**WHAT IS BEING ASKED:** Transcribe the entries below word for word, beginning at the line with "Nossos prendedores de" and stopping after the line with "MY15968# 法式气质名"; drop all pictures.

╭─ RECORDED INFORMATION

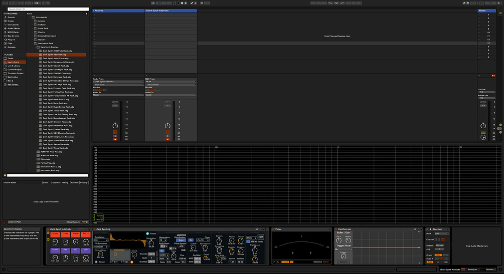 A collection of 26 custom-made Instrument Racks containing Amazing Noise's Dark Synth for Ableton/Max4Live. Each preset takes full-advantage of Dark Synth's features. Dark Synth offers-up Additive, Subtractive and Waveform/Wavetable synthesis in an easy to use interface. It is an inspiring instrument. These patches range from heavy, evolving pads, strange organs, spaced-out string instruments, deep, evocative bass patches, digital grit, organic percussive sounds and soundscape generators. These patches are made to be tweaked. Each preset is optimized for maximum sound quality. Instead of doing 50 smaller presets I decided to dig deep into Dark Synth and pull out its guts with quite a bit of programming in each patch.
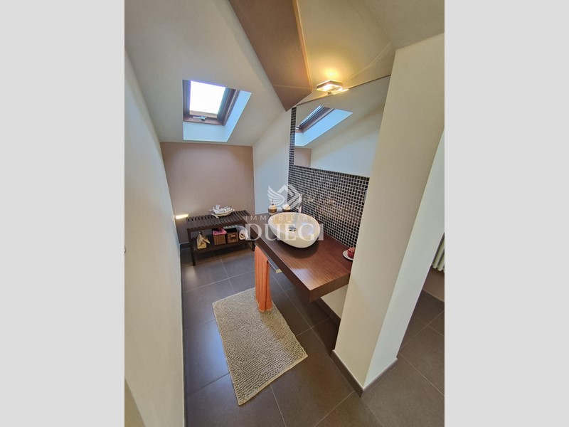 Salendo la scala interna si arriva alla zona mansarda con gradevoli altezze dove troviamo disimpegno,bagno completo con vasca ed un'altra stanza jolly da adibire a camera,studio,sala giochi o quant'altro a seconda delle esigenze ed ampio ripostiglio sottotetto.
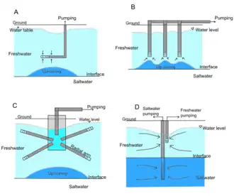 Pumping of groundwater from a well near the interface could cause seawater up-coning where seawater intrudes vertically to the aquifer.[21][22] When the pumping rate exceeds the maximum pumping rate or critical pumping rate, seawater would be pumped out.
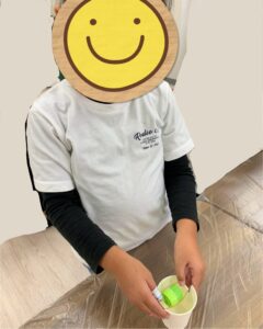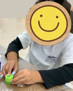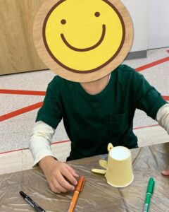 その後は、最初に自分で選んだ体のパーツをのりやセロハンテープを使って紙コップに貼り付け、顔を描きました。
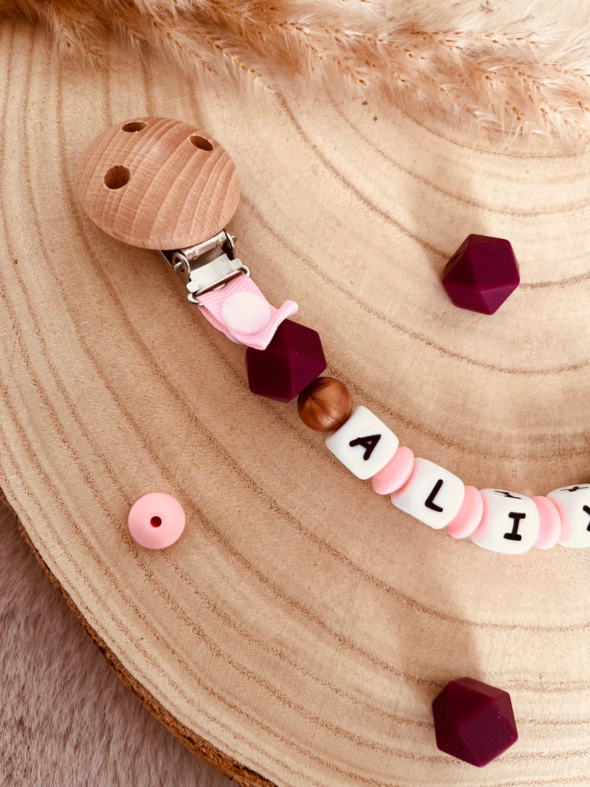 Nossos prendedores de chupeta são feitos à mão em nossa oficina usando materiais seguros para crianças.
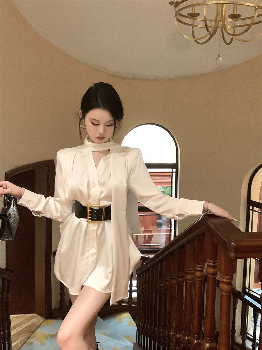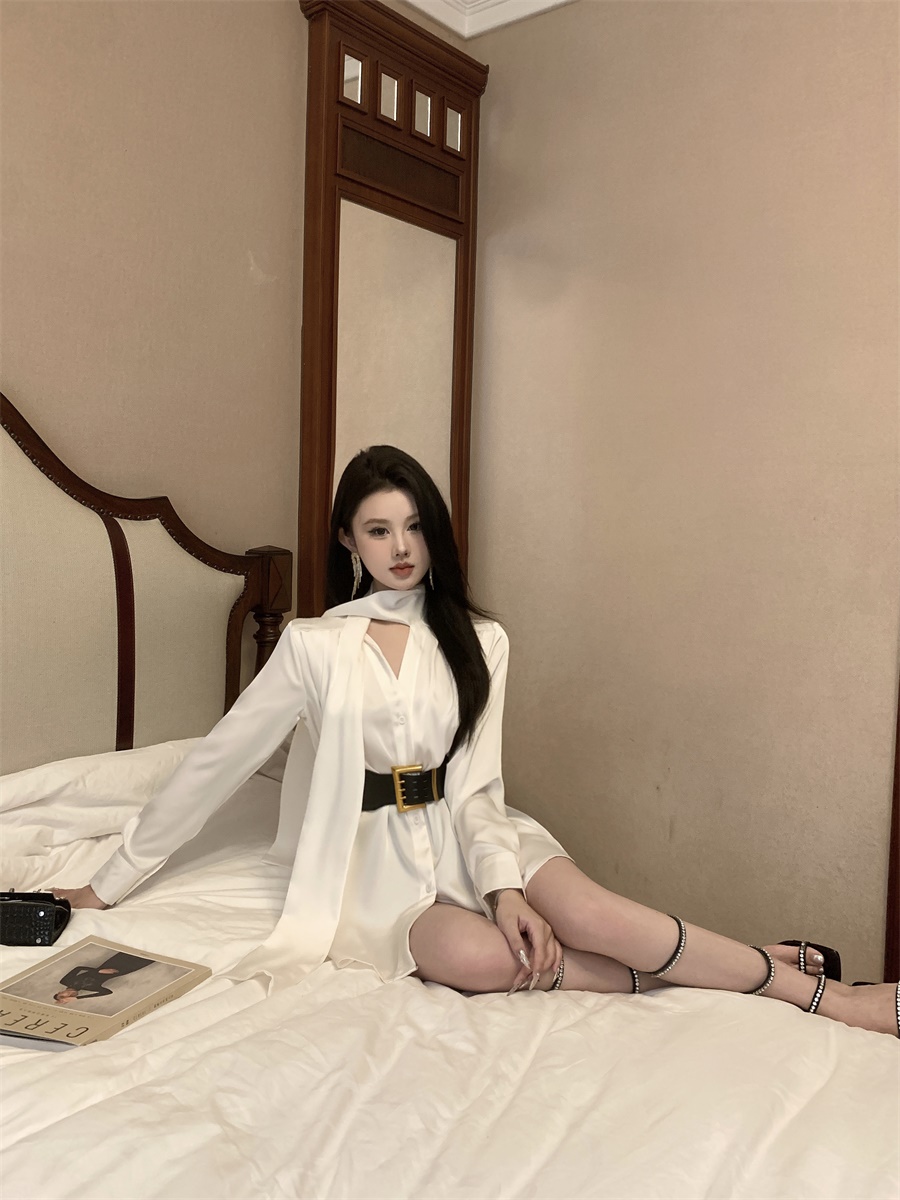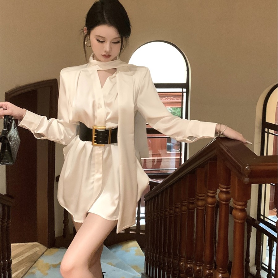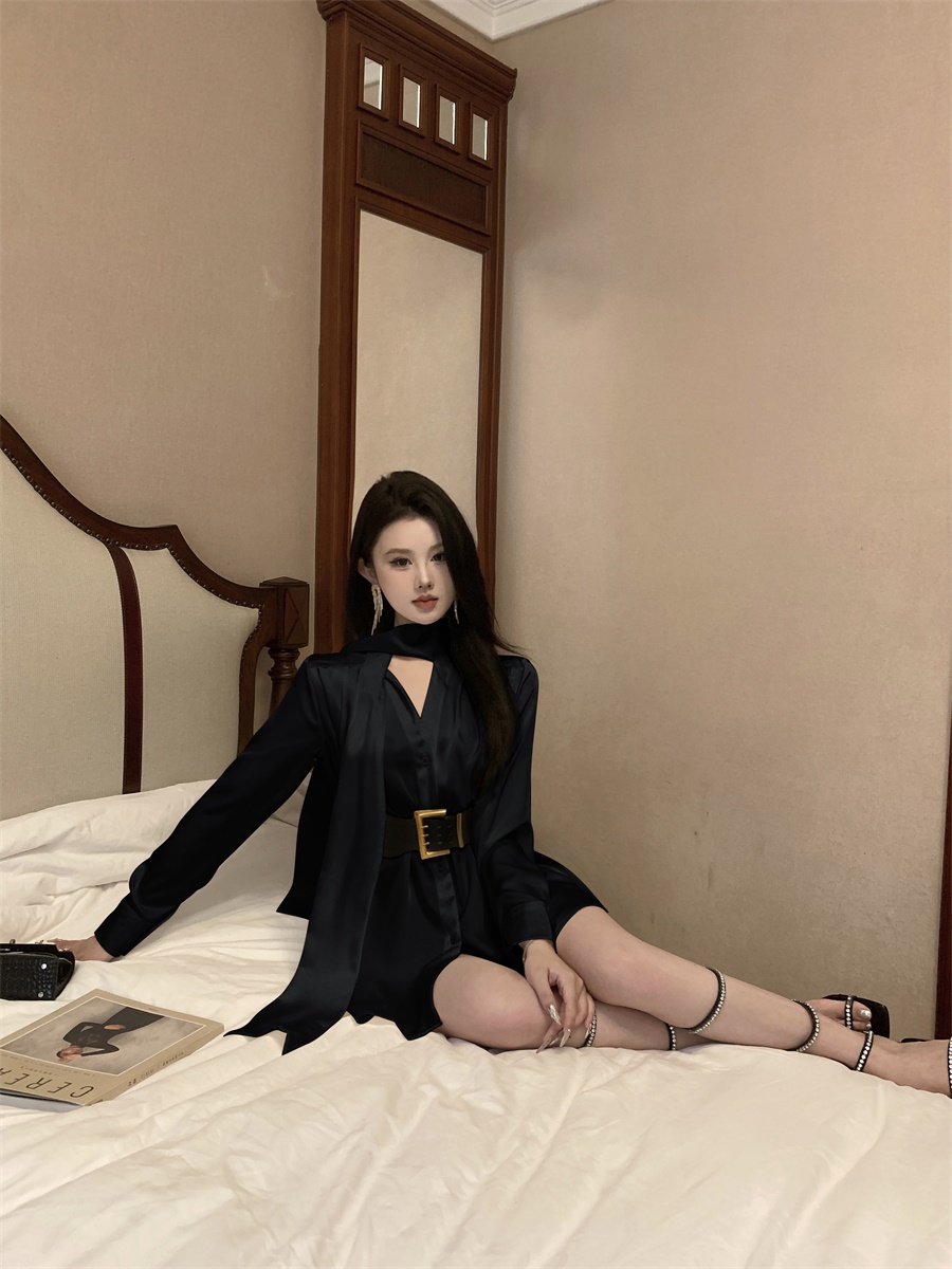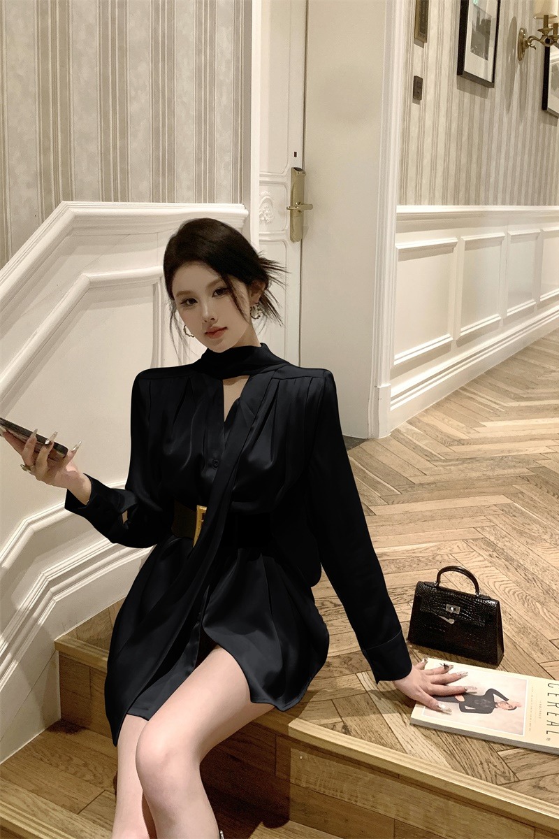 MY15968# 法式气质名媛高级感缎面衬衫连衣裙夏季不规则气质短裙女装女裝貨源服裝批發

╰─
╭─ RECORDED INFORMATION

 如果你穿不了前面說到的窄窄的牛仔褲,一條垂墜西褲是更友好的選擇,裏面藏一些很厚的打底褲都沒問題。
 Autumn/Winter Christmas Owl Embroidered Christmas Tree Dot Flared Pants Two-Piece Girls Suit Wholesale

╰─
╭─ RECORDED INFORMATION

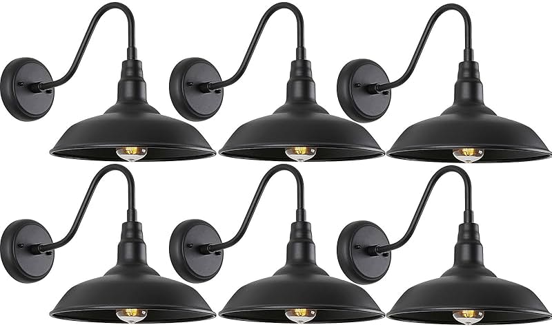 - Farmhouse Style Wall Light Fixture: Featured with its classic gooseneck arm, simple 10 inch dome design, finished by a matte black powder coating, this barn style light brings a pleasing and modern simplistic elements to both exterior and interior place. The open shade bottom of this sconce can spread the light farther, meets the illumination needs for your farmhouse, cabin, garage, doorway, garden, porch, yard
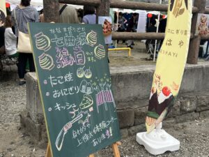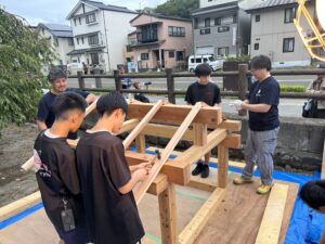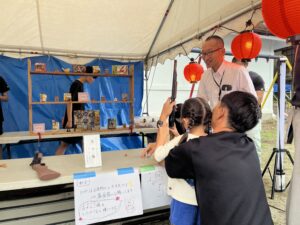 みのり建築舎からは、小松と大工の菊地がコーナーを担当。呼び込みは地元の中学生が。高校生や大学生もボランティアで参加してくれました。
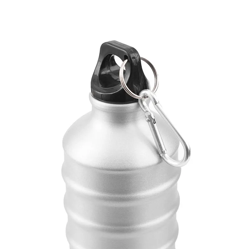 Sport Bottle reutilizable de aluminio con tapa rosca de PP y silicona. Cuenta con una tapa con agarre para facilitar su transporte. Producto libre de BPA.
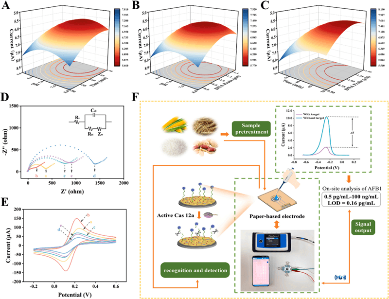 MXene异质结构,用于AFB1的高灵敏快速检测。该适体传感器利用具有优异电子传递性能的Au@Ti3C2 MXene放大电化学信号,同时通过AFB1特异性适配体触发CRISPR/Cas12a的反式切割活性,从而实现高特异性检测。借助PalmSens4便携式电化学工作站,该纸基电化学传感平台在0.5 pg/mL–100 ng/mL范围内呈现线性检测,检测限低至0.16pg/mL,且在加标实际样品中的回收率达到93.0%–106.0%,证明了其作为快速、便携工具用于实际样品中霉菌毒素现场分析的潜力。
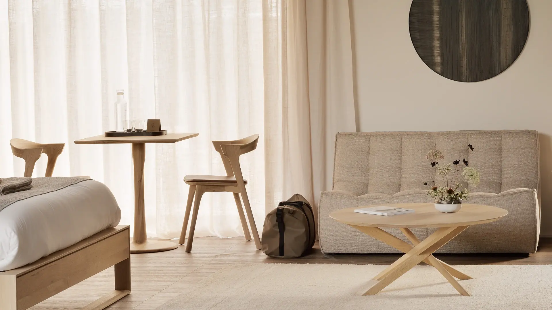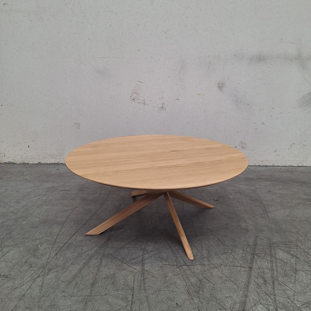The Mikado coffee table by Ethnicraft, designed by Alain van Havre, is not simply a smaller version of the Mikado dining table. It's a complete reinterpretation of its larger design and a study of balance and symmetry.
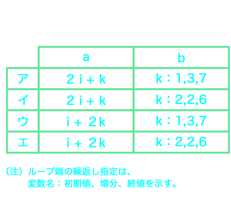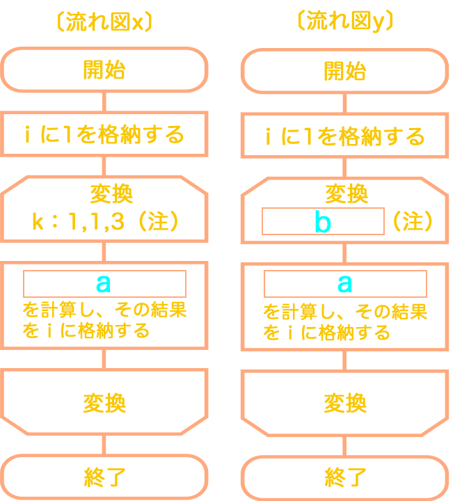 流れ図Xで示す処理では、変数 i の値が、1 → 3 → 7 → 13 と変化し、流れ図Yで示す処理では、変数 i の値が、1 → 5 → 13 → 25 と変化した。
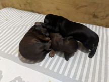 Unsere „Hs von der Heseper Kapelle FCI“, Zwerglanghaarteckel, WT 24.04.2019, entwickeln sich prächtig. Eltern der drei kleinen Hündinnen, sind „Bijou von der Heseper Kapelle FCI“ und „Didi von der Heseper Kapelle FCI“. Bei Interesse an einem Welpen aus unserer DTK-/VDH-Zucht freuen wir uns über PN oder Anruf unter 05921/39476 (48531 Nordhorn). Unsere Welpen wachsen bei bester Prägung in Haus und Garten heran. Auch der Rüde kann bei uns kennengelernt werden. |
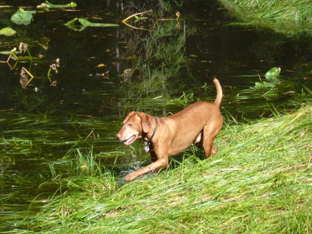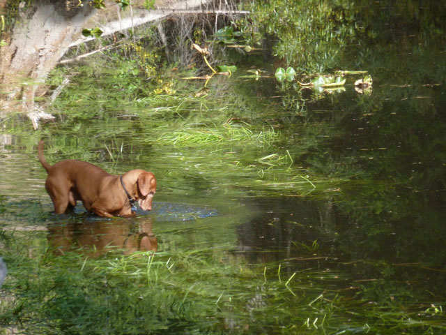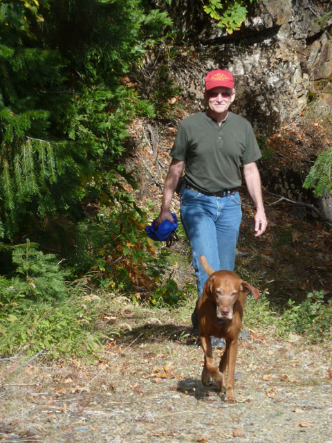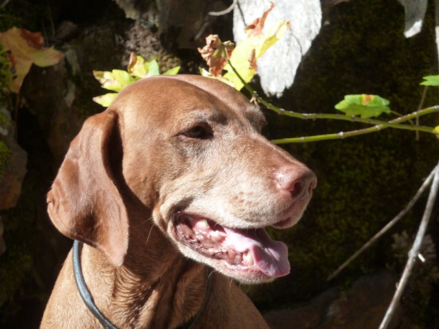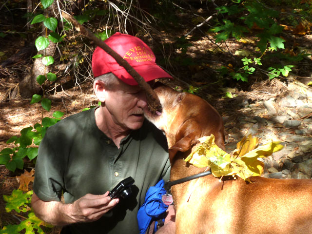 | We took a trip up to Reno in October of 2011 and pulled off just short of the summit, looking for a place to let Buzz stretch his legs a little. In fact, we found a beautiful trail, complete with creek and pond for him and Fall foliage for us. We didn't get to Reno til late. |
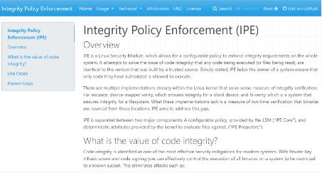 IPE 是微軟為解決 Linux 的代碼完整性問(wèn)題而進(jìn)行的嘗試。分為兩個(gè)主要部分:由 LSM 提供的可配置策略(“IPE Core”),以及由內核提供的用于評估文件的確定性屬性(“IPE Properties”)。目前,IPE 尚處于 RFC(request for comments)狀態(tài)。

╰─

**WORKED SOLUTION:**
 Nossos prendedores de chupeta são feitos à mão em nossa oficina usando materiais seguros para crianças.
 MY15968# 法式气质名媛高级感缎面衬衫连衣裙夏季不规则气质短裙女装女裝貨源服裝批發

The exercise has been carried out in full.